Each cell has its own biological processes, one of the most significant of which is transcription, which controls gene expression (coding as well as non-coding genes). A transcript is one of the outcomes of this procedure (i.e., mRNA, rRNA, tRNA and miRNA). The transcriptome is the total content of transcript (all RNA) molecules in a cell or population of cells at a given time, similar to the genome. By definition, all transcripts (RNAs) are part of the transcriptome, but this phrase might vary depending on the experiment, with others simply considering mRNA as the transcriptome’s content. Transcripts are the result of the transcription process, and the transcriptome refers to the cell’s entire transcript content. Unlike the genome, which is static, the transcriptome is dynamic, altering from cell to cell and even within a cell under different conditions.Because the transcriptome is a mirror of the sequence of the DNA (gene) from which it was transcribed, researchers can determine when and where each individual gene is turned on or off in a specific cell or tissue of an organism by analysing the entire collection of RNA sequences in a cell (transcriptome).

transcriptome

  Transcriptomics is now a well-established subject with a variety of approaches for studying the transcriptome. cDNA microarray and NGS-based RNA-Seq are the most reliable and high-throughput transcriptomics methodologies. The high throughput nature of these approaches enables them to evaluate genome-wide gene expression, which can then be used to conduct functional genomics research.

PAST

Numerous decades prior to the advent of transcriptomics, studies of individual transcripts were conducted. In the late 1970s, libraries of silkmoth mRNAs were assembled and transformed to complementary DNA (cDNA) for storage using reverse transcriptase. In the 1980s, low-throughput Sanger sequencing was utilised to sequence random transcripts extracted from these libraries, referred to as expressed sequence tags (ESTs). Until the development of high-throughput technologies such as DNA sequencing by synthesis (Solexa/Illumina, San Diego, CA), the Sanger method was the dominant method of sequencing. ESTs gained fame in the 1990s as a cost-effective way of determining an organism’s gene content without sequencing the full genome. Individual transcript quantification using northern blotting, nylon membrane arrays, and later reverse transcriptase quantitative PCR (RT-qPCR) was also popular. However, these methods are time consuming and capture only a small subset of a transcriptome. As a result, until high-throughput approaches were discovered, the mechanism by which a transcriptome as a whole is expressed and regulated remained unknown.

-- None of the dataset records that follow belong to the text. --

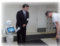
↑ あいさつ運動 (HCS にて)

Pepper と言えば、筆者行きつけのスーパーにPepper がやってきました! 自社で見慣れているPepper ですが、姿は同じでも初対面の人に出会う感覚におそわれ、なかなか話かけられませんでした。それほど自社のPepper に愛着がわいているということなのでしょう。今回はスーパーのPepper とも仲良くなろうと決意した筆者でした。
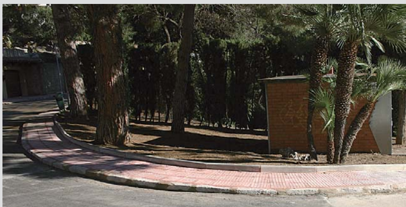
Entre d'altres actuacions, s'ha arranjat la zona verda i s'ha refet la vorera.

L'Ajuntament ha executat aquest mes de febrer obres de reparació i arranjamet del paviment en diferents carrers que estaven en mal estat. L'actuació s'ha dut a terme als carrers d'Onofre Talavera -a l'encreuament amb la plaça del Safareig i Dolors Riera-, Molí, Cep, Greny -amb Ramon Bereguer III i Martí l'Humà-, Gifré el Pilós i Bernat I Tallaferro. Al carrer d'Onofre Talavera també s'ha reposat la vorera i s'han fet treballs de neteja de la zona verda de la plaça del Safareig.
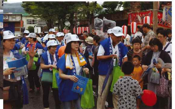
↑水切りネット400個配布
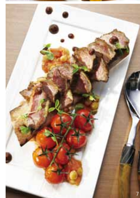
1. 看著牆上的機械使用說明與烹飪方式，與口中的千萬滋味有異曲同工之妙。2. 牆上的書都是Sal Curioso發明的料理。3. 機械圖的精確程度令人驚嘆；在牆上是美麗的裝飾，縮小就成為桌上的杯墊，同樣可以組合拼貼出完整機械圖。4. 每件發明都有專屬吊牌，而這也正是餐廳的名片。5. 坐在二樓露台可以俯瞰蘭桂坊與中環美景。6. 7. 澳洲籍主廚的新創菜單，同樣是讓人驚喜連連。
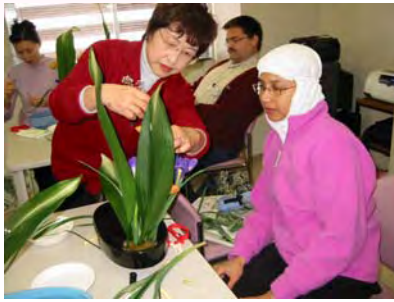
真剣なまなざし：華道教室
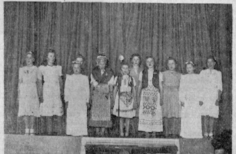
Šolski mladinski zbor v Rosariu

“Jaz vam dajem takšen užitek, vi mi pa kar venomer stopate po nogah!”
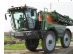
Amazona Pantera Sprayer
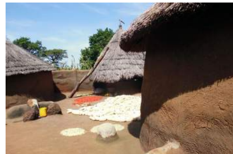
Sur la terrasse du tata

Le 23 : nous repartons vers Cotonou et passons une nuit à Dassa où nous apprécions le confort d'un bon hôtel.
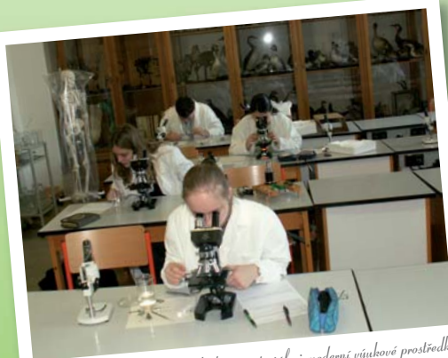
Bohaté sbírkové materiály i moderní výukové prostředky
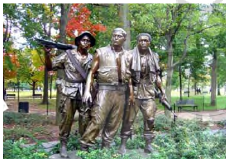
ت ۷. یادبود سربازان ویتنام.

این یادبود در تفرجگاه ملی آمریکا در واشنگتن قرار گرفته که مکانی است برای یادآوری قهرمانان آمریکایی و محلی برای اجتماع عموم مردم و برگزاری جشن‌های آزادی. یادبود سربازان ویتنام متشکل از بخش‌های متفاوتی همچون دیواری از نام‌ها، مجسمه سه سرباز، پرچم و یادبود زنان ویتنام است. این یادبود مکانی است که در آن تمامی افراد، صرف نظر از افکارشان می‌توانند گرد هم آیند تا کسانی را که در جنگ حضور داشته‌اند به یاد آورند و به آنان افتخار کنند. این طرح دارای بسیاری از عناصر سنتی موجود در یادبود جنگ مانند نوشته‌های میهن پرستانه، مجسمه، پرچم و عناصر فیگوراتیو می‌باشد که با هدف بازخوانی خاطرات جمعی طراحی شده‌اند.
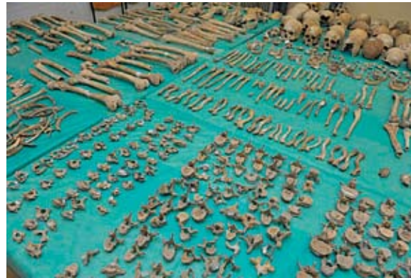
Sl. 2. Koštani ostaci odraslih osoba

Pregledom osteološkog materijala utvrđeno je kako se radi o zajedničkoj grobnoj komori s većim brojem pokojnika (sl. 2). Ukupno su analizirane 903 kosti, od kojih 344 dječjih.
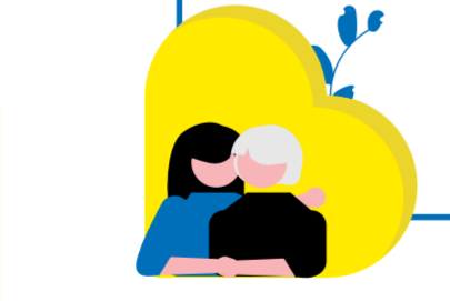
Народився до 1958 року, за естонськими законами досяг пенсійного віку
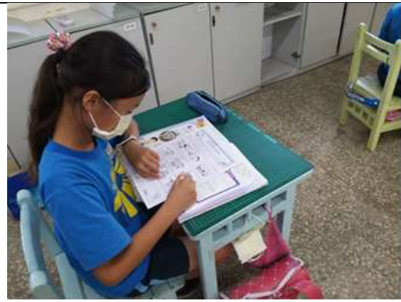
說明：學生填寫學習單
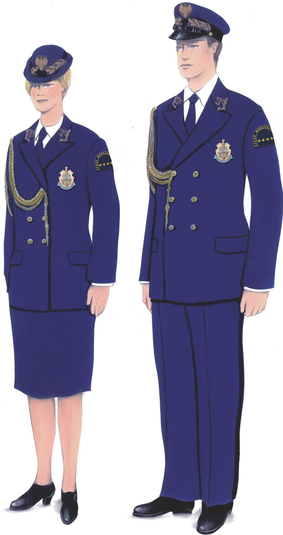
Ubiory galowo-wyściowe ze sznurem galowym
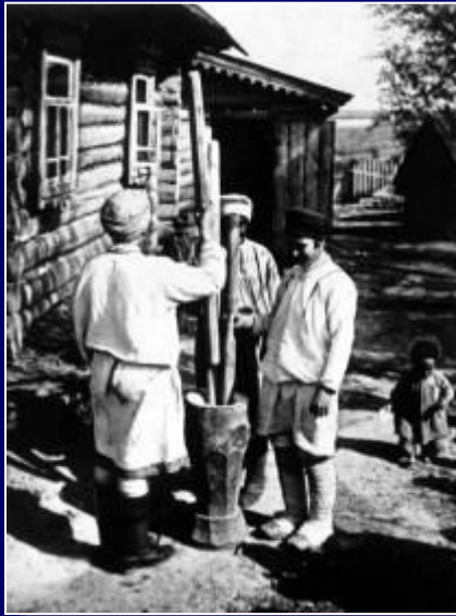
Фото начала XX в.

Незначительные временные сроки проведения реформ
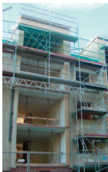
Mit dem Bau der neuen Wohnungen Am Bruch wurde begonnen.

zurück in ihre Wohnungen ziehen. Interessenten für die barrierefreien Wohnungen Am Bruch 13 a und b können sich bei der GWG jetzt eintragen lassen, E-Mail an info@gwg-schwerte.de .
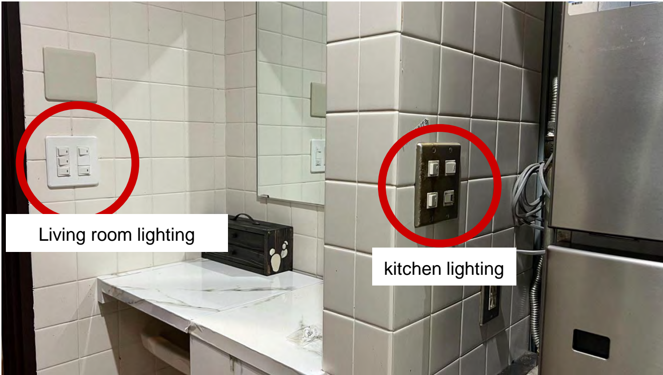
Living room lighting
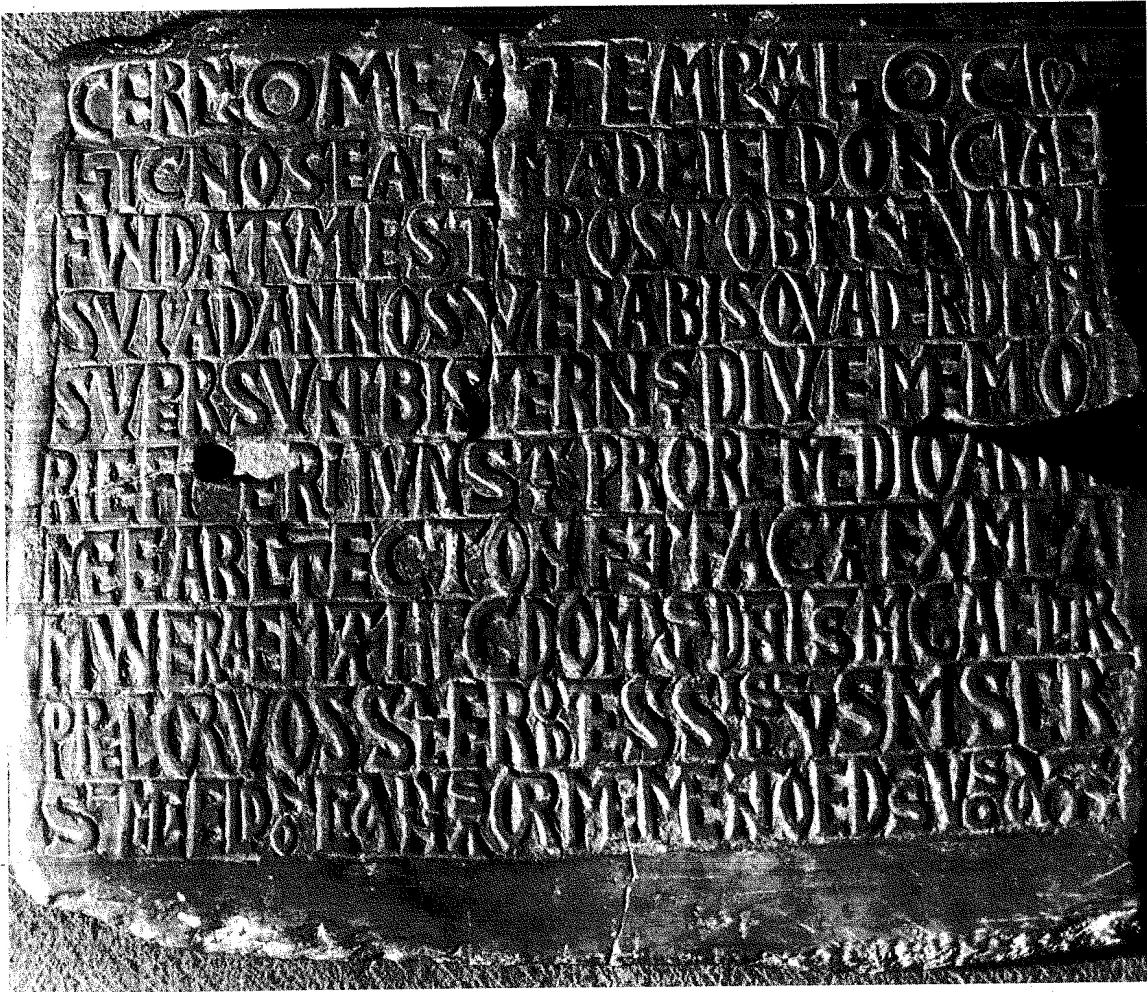
182. Lápida de la iglesia de San Miguel.

The term “transcriptome” appeared for the first time in the 1990s. Serial analysis of gene expression (SAGE), one of the earliest sequencing-based transcriptomic approaches, was created in 1995. It employed Sanger sequencing of concatenated random transcript fragments. By comparing fragments to known genes, transcripts were measured. A variation of SAGE was also briefly used that utilised high-throughput sequencing techniques, dubbed digital gene expression analysis. These methods, however, were mainly supplanted by high-throughput sequencing of complete transcripts, which revealed additional information about the structure of the transcript, such as splice variants.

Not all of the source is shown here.